_Instructions to follow_
Return every line of the records, exact and in full, until you have returned the line with "豆瓣评分,跌到4.6。", and include none of the pictures.

_Data_
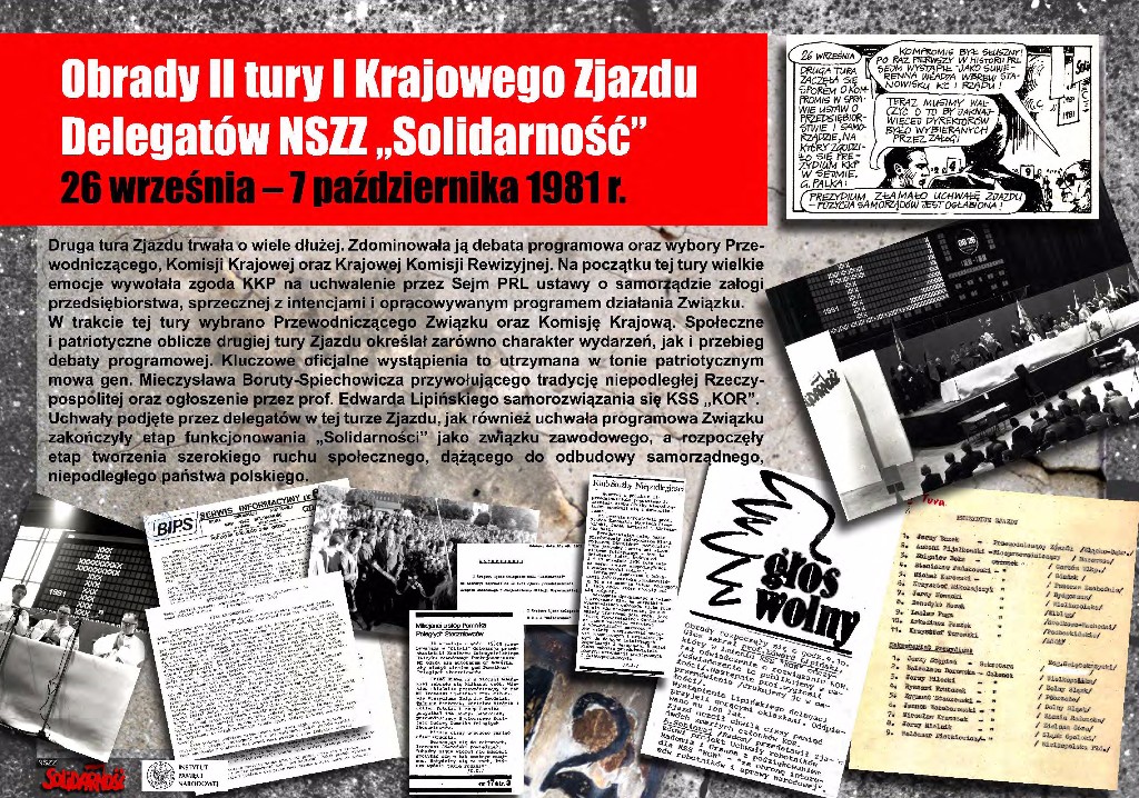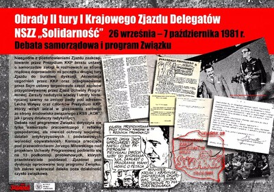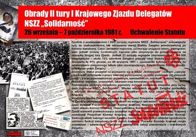 I Krajowy Zjazd Delegatów NSZZ „Solidarność” odbył się w dwóch turach: 5–10 września i 26 października – 7 listopada 1981 r. Na zjeździe ukształtowała się struktura NSZZ „Solidarność”, wybrano przewodniczącego i władze Związku, podjęto także ponad 60 uchwał dotyczących różnych dziedzin życia społecznego. Uchwała Programowa stała się jednym z najważniejszych dokumentów „Solidarności”.
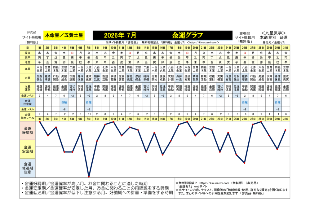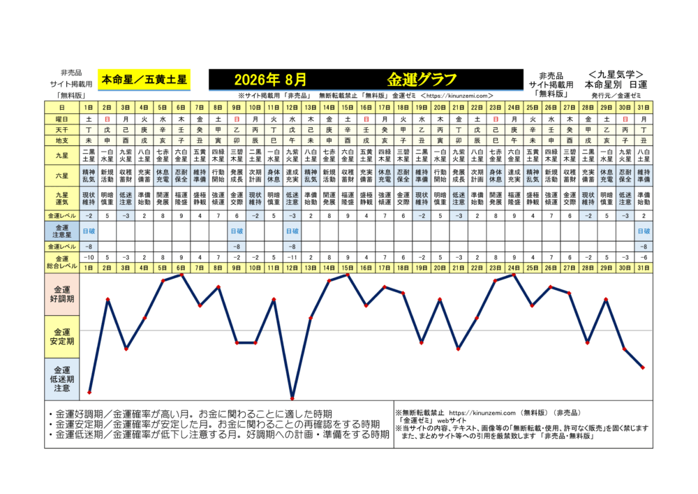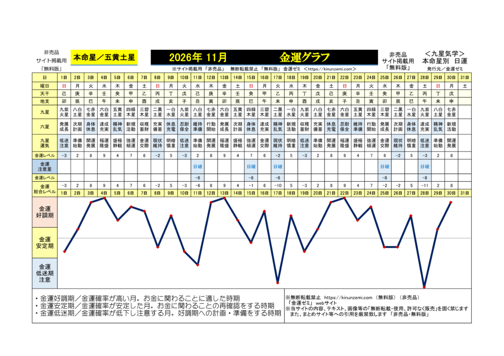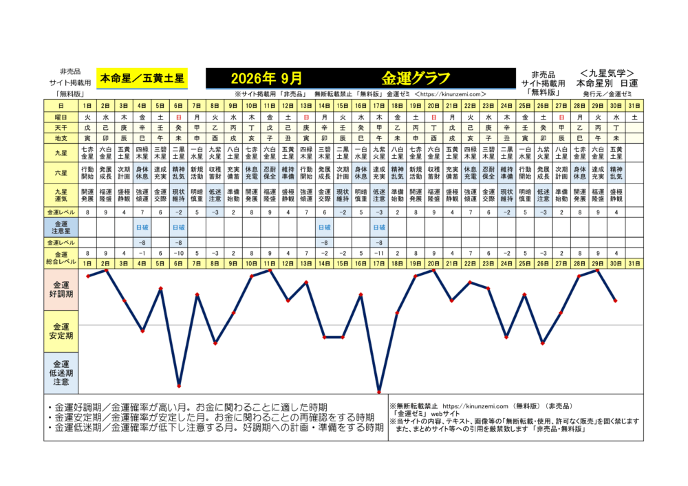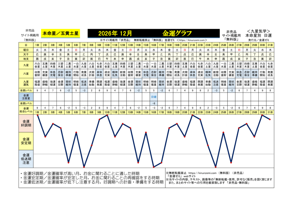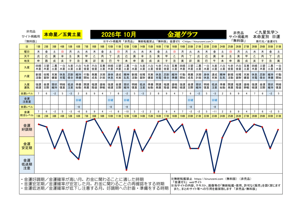 五黄土星/毎月運の金運グラフ(2026年2月~2027年1月)
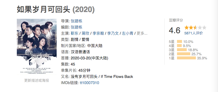 豆瓣评分,跌到4.6。
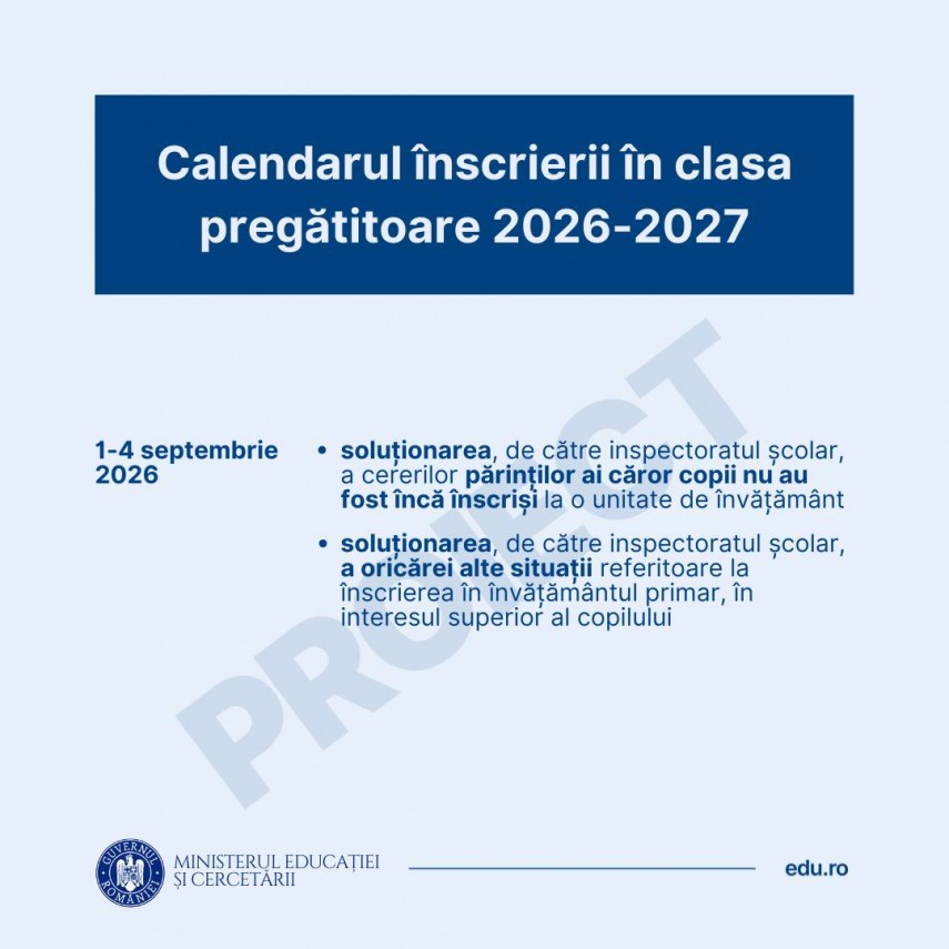 Am lansat în consultare publică proiectul de calendar pentru înscrierea în clasa pregătitoare în anul școlar 2026 - 2027. Părinții ai căror copii împlinesc 6 ani până la data de 31 august 2026 inclusiv au obligația de a înscrie copiii în clasa pregătitoare.
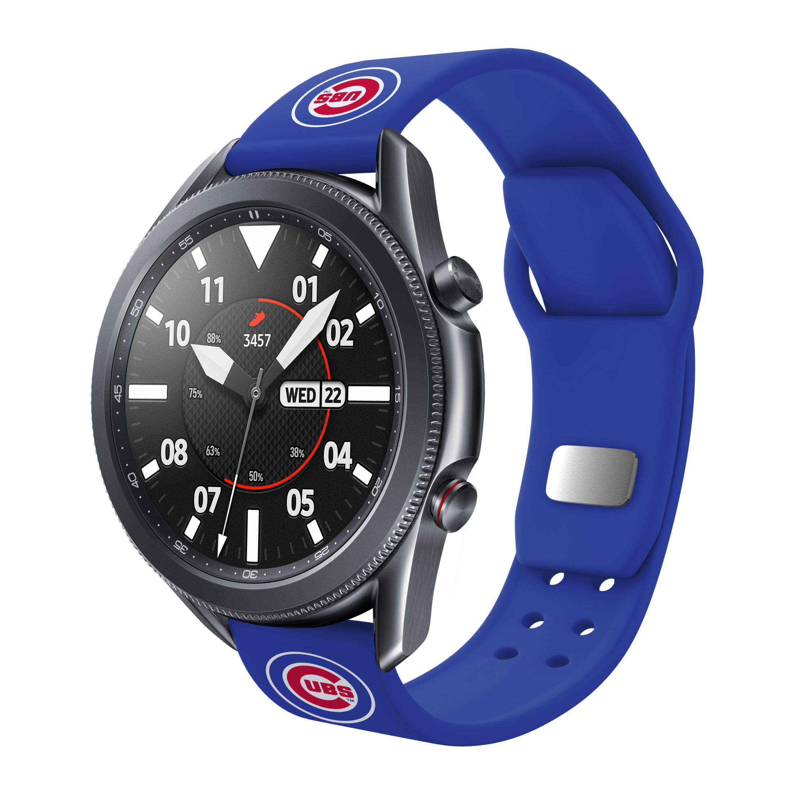 This 22mm Samsung Compatible Watch Band is great for any Chicago Cubs fan on the go. With a silicone band and a stainless steel clasp, this piece is a stylish way to show off your fandom. Add this band to your Chicago Cubs collection today.

_Answer below_
 I Krajowy Zjazd Delegatów NSZZ „Solidarność” odbył się w dwóch turach: 5–10 września i 26 października – 7 listopada 1981 r. Na zjeździe ukształtowała się struktura NSZZ „Solidarność”, wybrano przewodniczącego i władze Związku, podjęto także ponad 60 uchwał dotyczących różnych dziedzin życia społecznego. Uchwała Programowa stała się jednym z najważniejszych dokumentów „Solidarności”.
 五黄土星/毎月運の金運グラフ(2026年2月~2027年1月)
 豆瓣评分,跌到4.6。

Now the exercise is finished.